▶ [Task goal] Return the records below in full. Keep every word exact and skip the images.

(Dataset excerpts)
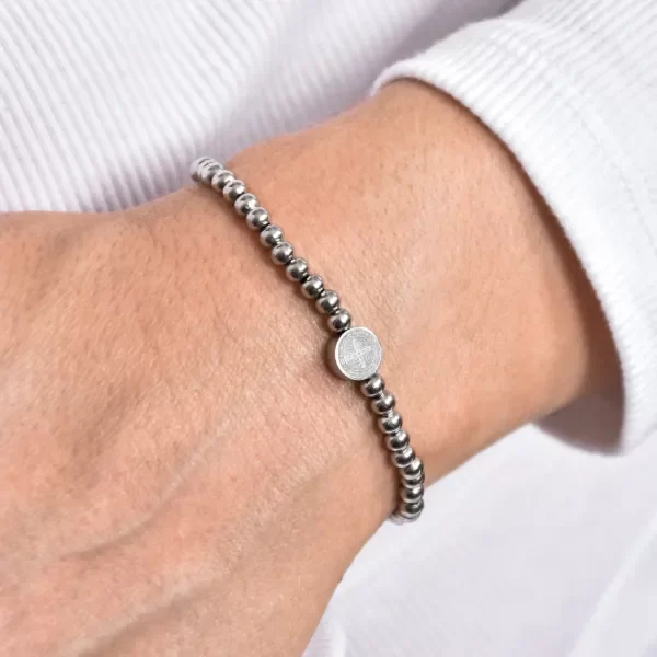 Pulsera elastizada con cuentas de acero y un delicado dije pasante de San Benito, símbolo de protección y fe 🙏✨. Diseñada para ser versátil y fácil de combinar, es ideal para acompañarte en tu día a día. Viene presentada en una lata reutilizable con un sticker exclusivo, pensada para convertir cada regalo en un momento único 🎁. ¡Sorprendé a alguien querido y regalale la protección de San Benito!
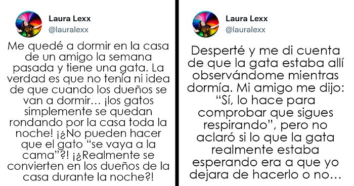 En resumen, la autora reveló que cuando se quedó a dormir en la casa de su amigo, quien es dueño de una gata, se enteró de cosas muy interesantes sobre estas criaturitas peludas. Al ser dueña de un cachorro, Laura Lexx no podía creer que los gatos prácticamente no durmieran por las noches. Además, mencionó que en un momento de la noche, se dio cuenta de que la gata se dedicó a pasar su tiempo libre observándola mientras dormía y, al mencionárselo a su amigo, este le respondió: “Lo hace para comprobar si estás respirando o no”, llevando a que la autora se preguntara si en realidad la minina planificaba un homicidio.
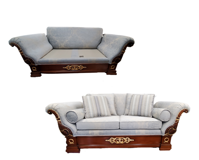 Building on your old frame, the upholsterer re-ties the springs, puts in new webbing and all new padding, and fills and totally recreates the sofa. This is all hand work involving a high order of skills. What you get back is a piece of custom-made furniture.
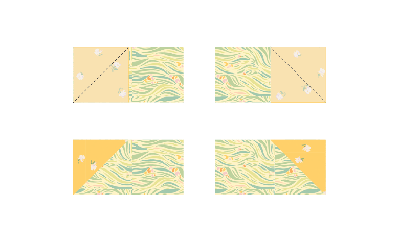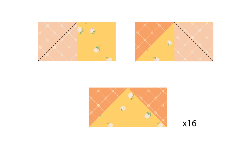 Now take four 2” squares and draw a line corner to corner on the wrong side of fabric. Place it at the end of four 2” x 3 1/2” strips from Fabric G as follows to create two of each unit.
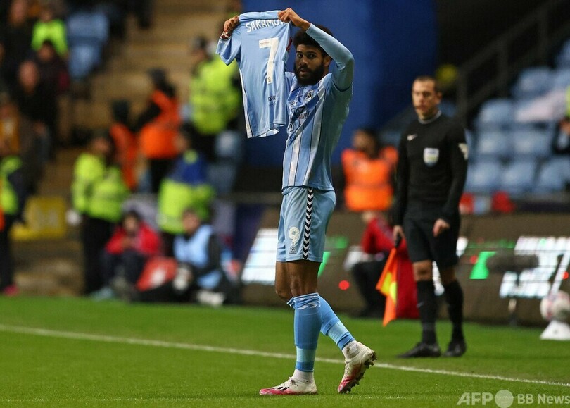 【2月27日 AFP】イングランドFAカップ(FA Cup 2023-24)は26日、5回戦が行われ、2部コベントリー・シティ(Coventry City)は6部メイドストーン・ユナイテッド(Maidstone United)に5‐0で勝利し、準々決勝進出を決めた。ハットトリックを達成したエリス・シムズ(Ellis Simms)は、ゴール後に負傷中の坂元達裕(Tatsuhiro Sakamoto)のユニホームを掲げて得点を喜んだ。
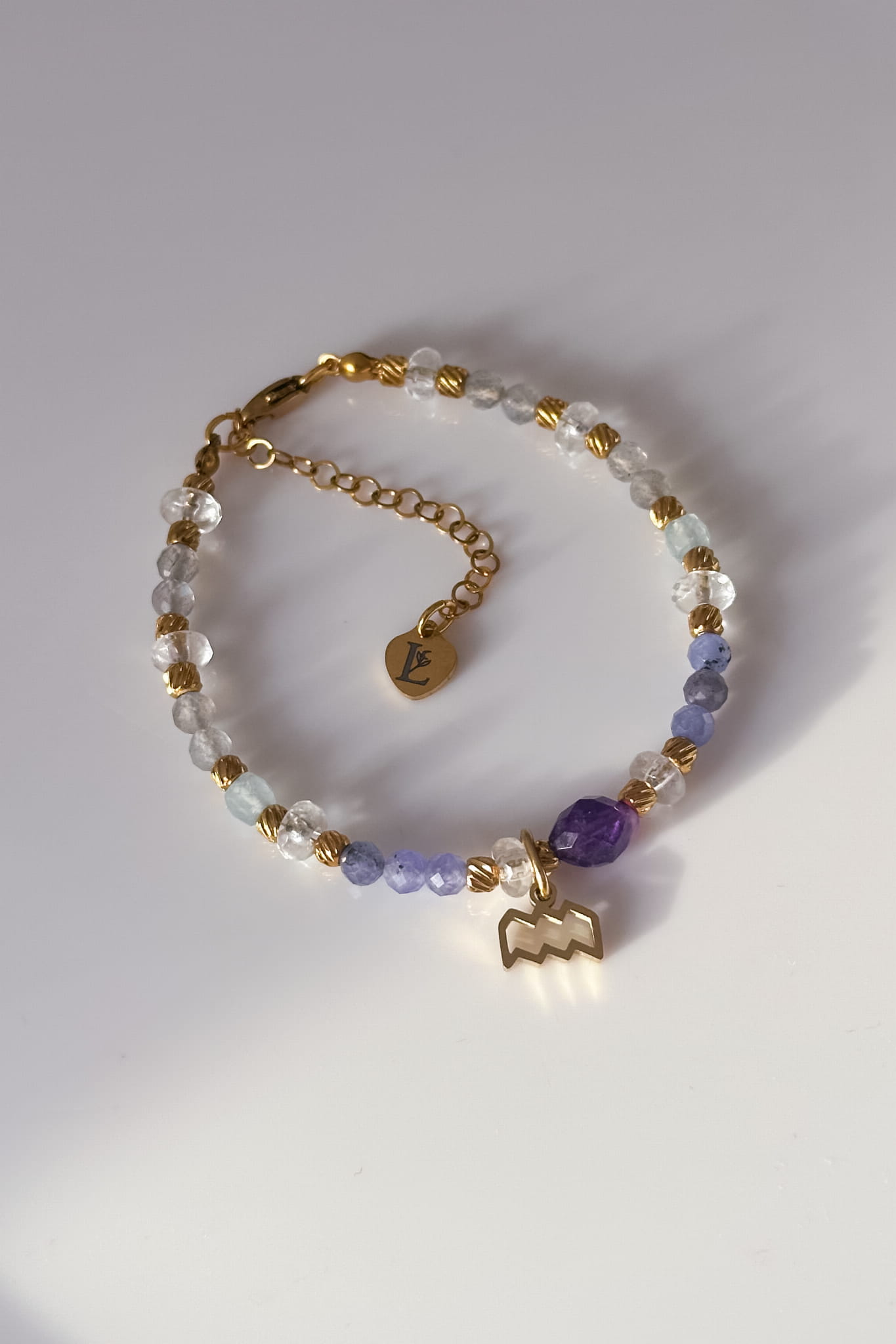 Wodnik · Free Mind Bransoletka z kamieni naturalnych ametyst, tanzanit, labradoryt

▶ [Result for this exercise]
 Pulsera elastizada con cuentas de acero y un delicado dije pasante de San Benito, símbolo de protección y fe 🙏✨. Diseñada para ser versátil y fácil de combinar, es ideal para acompañarte en tu día a día. Viene presentada en una lata reutilizable con un sticker exclusivo, pensada para convertir cada regalo en un momento único 🎁. ¡Sorprendé a alguien querido y regalale la protección de San Benito!
 En resumen, la autora reveló que cuando se quedó a dormir en la casa de su amigo, quien es dueño de una gata, se enteró de cosas muy interesantes sobre estas criaturitas peludas. Al ser dueña de un cachorro, Laura Lexx no podía creer que los gatos prácticamente no durmieran por las noches. Además, mencionó que en un momento de la noche, se dio cuenta de que la gata se dedicó a pasar su tiempo libre observándola mientras dormía y, al mencionárselo a su amigo, este le respondió: “Lo hace para comprobar si estás respirando o no”, llevando a que la autora se preguntara si en realidad la minina planificaba un homicidio.
 Building on your old frame, the upholsterer re-ties the springs, puts in new webbing and all new padding, and fills and totally recreates the sofa. This is all hand work involving a high order of skills. What you get back is a piece of custom-made furniture.
 Now take four 2” squares and draw a line corner to corner on the wrong side of fabric. Place it at the end of four 2” x 3 1/2” strips from Fabric G as follows to create two of each unit.
 【2月27日 AFP】イングランドFAカップ(FA Cup 2023-24)は26日、5回戦が行われ、2部コベントリー・シティ(Coventry City)は6部メイドストーン・ユナイテッド(Maidstone United)に5‐0で勝利し、準々決勝進出を決めた。ハットトリックを達成したエリス・シムズ(Ellis Simms)は、ゴール後に負傷中の坂元達裕(Tatsuhiro Sakamoto)のユニホームを掲げて得点を喜んだ。
 Wodnik · Free Mind Bransoletka z kamieni naturalnych ametyst, tanzanit, labradoryt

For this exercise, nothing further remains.